Law of (on) nations

Transnational judging is on the rise, but it is not a uniform or one-directional process, as a few recent developments confirm.

First up, Spain. For decades, Spanish judges have been on the forefront of what is known as “universal jurisdiction.” Under this doctrine, according to the New York Times, Spanish judges can “prosecute individuals outside their territory for crimes of “international character,” such as genocide, torture, war crimes and crimes against humanity.” Now, the ruling Popular Party is seeking to roll this back, claiming it hurts diplomatic and commercial relationships. The Times offers up a few potential motivations for these changes:

Human rights advocates argue that a double standard has emerged — where it is acceptable to prosecute abuses in weak countries but not in global powers. And they argue that the changes now proposed by the Popular Party would effectively end the use of universal jurisdiction: In cases of genocide, crimes against humanity and war crimes, Spanish judges could investigate only if the suspect is a Spanish national, a foreigner living in Spain or a foreigner in Spain whose extradition has been denied by Spanish authorities. Similar restrictions would also be applied to torture cases.

“They are trying to eliminate universal jurisdiction,” said Judge Garzón, whose aggressive use of the doctrine later led to his suspension from the Spanish bench in 2010. “That is their goal. They have never believed in it.”

Indeed, Spain is now on the receiving end of such international litigation, as a judge in Argentina is investigating war crimes committed during the era of the Spanish dictator Franco. Popular Party leaders are chafing at that case, and some analysts say that the pressure from China has provided an excuse for the government to dilute a legal doctrine that has brought diplomatic headaches.

Second stop, the United States. For a few decades, there has been a move to increase the global or extra-territorial reach of the justice provided by American courts. Under federal laws like the Alien Tort Claims Act, and similar state tort doctrines, individuals anywhere in the world had the possibility of using US courts to get remedies for alleged wrongdoing by US corporations. But, as I write here for UNCTAD, the US Supreme Court has limited the use of the federal law, and state courts have been hobbled by US deference to another channel of legal globalization: investor-state treaty arbitration.

One tangle of cases I briefly discuss in that article – Renco v. Peru –  involves the multi-layered conflict between executive branches, judicial branches (at the national and subnational level), communities, corporations, international judicial organizations  and (whew, out of breath) transnational arbitration.

A quick summary: as part of the 1997 privatization of a metal smelter in the town of La Oroya, the government of Peru and the purchasing US investor (Doe Run, a subsidiary of the Renco Group) each agreed to some environmental remediation obligations, meant to improve the health of local citizens, who suffer from elevated levels of environmental health problems. Ten years later, neither the company nor the Peruvian government had fulfilled their obligations (with each pointing to extenuating circumstances I won’t get into here).

What followed was a huge international legal cluster: Environmental NGOs sued the Peruvian government on the La Oroya community’s behalf at the Inter-American Commission on Human Rights, members of the La Oroya community sued Missouri-based Doe Run in Missouri courts (under state tort laws that allow such things), Renco sued the Peruvian government pursuant to a US-Peru investment treaty/trade agreement, and some in Peru even pushed for legal action in Peru against Renco.

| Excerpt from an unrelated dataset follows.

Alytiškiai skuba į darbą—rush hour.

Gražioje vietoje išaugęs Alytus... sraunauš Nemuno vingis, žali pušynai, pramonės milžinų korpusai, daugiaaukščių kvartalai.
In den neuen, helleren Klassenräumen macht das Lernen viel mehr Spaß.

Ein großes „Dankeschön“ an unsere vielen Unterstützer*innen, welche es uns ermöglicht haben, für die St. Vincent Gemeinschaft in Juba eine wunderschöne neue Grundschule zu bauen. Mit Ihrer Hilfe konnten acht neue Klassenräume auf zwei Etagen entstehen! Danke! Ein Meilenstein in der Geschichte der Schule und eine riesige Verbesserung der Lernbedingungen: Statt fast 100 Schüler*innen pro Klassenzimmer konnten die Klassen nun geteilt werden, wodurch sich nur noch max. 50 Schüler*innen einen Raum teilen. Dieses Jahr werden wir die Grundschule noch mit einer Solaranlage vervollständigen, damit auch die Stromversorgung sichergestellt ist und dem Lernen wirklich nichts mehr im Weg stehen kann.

Lots of potential globalization of justice, but are they evenly matched?

The IACHR process, if and when it concludes, has limited enforcement potential. The investment treaty case, in contrast, could produce a monetary award in favor of Renco that the company could then ask US courts to help enforce. The Missouri case was scuttled by the investment treaty case, and has been removed to the arguably less plaintiff-favorable US federal courts. And the Peruvian courts don’t seem to be pursuing further action against Renco, perhaps influenced by the Peruvian government’s eagerness to get the smelter workers back to work, at whatever the cost.

What investment treaties, Spanish universal jurisdiction, IACHR, the Alien Torts Claim Act and the Missouri state court proceedings have in common is the potential to offer up new (or relatively unused until now) types of justice for a globalizing era. But the shake out from the Popular Party and Renco kerfuffles show that these experiments in legal globalization may not be all created equal. Indeed, some may have more staying power than others.

In a future post, I’ll discuss how different legal globalizing efforts within the same group of countries have come into even more direct confrontation, as shown by a recent arbitration involving Romania, Swedish investors and the conflicting obligations Romania had when joining the European Union (of which Sweden was already a member) whilst being party to a Romania-Sweden investment treaty.